The doctor was eyeing her beaming face with bemusement. He must think she was a complete lunatic, crying one minute and then exuberant to the point of near-derangement in the next. Hey, that was hormones for you, though, right? At least she had a good excuse for her mad behaviour. ‘So if you’ve got any further questions?’ he asked.

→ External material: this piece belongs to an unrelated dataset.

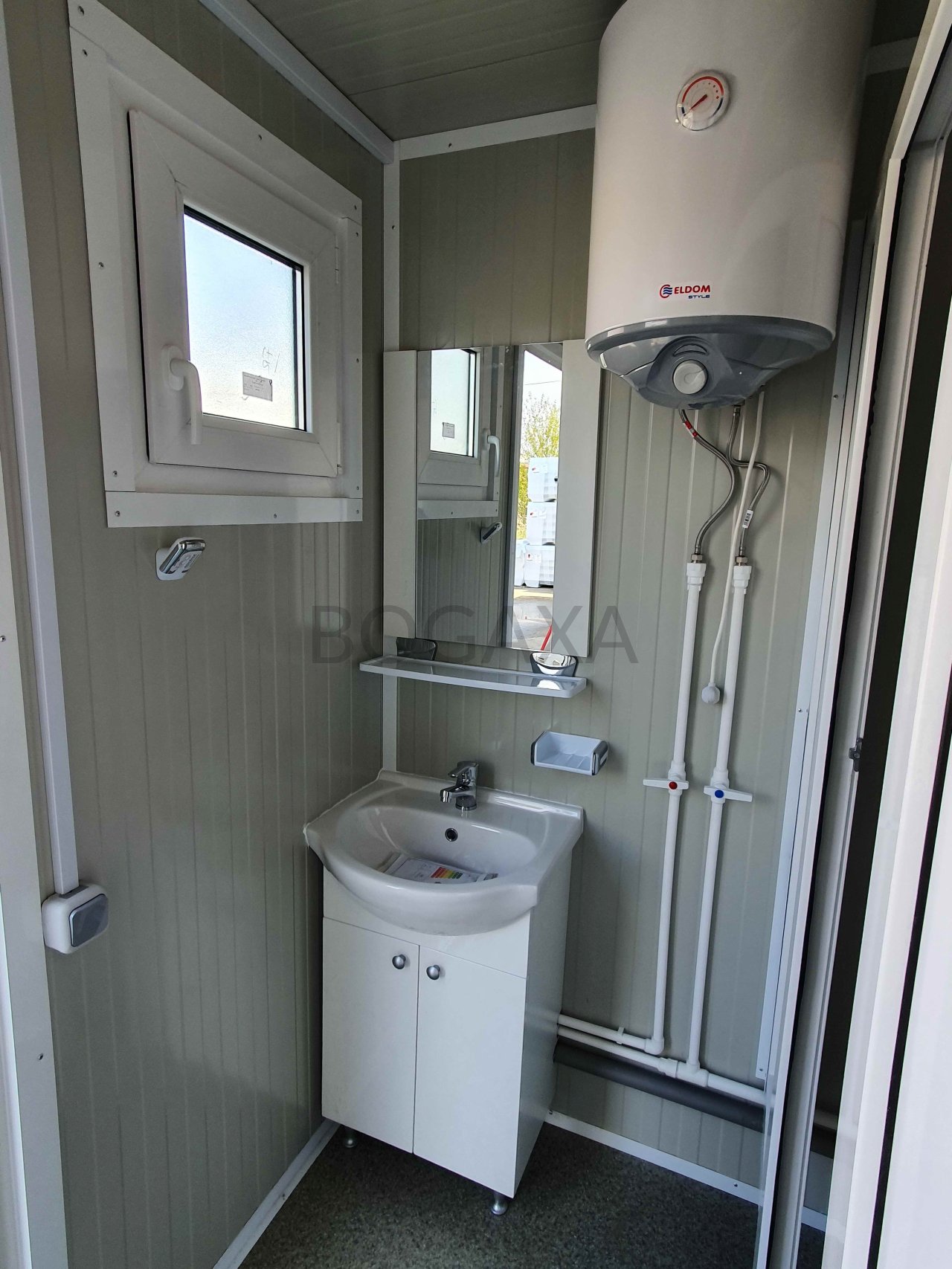 Dotari standard: Usa metalica 900x2000, fereastra rotobasculata 800x1100 - 2 bucati, fereastra de baie 600x600 rotobasculanta, covor PVC de trafic greu, compartimentare pentru dormitor cu usa interioara metalica sau termopan, compartimentare de baie cu usa interioara metalica sau termopan, baie complet echipata (wc+dus+lavoar+boiler 50l, +accesorii - oglinda, etajera, sapuniera, portprosop etc), instalatie electrica standard (tablou general, priza de conexiune, 3 corpuri de iluminat LED 2x18W, 6 prize standard, 3 prize de radiator, aplice si intrerupatoare), preechipare lavoar bucatarie - incluse in pretul afisat!!!.

She shook her head because she had three different pregnancy books at home, plus the entire Internet at her disposal, and of course she had been here before. And then she sobered up almost completely, because yes, she had been here before, and it had gone wrong every time so far. Who was to say this wouldn’t happen again? Who was to say there wouldn’t be a further cruel twist yet to come, that her hope wouldn’t be doused with another low, digging pain and blood in her knickers, that this wouldn’t all end in further heartbreak? ‘I think I’ve got everything I need,’ she replied. ‘Thanks. Very much.’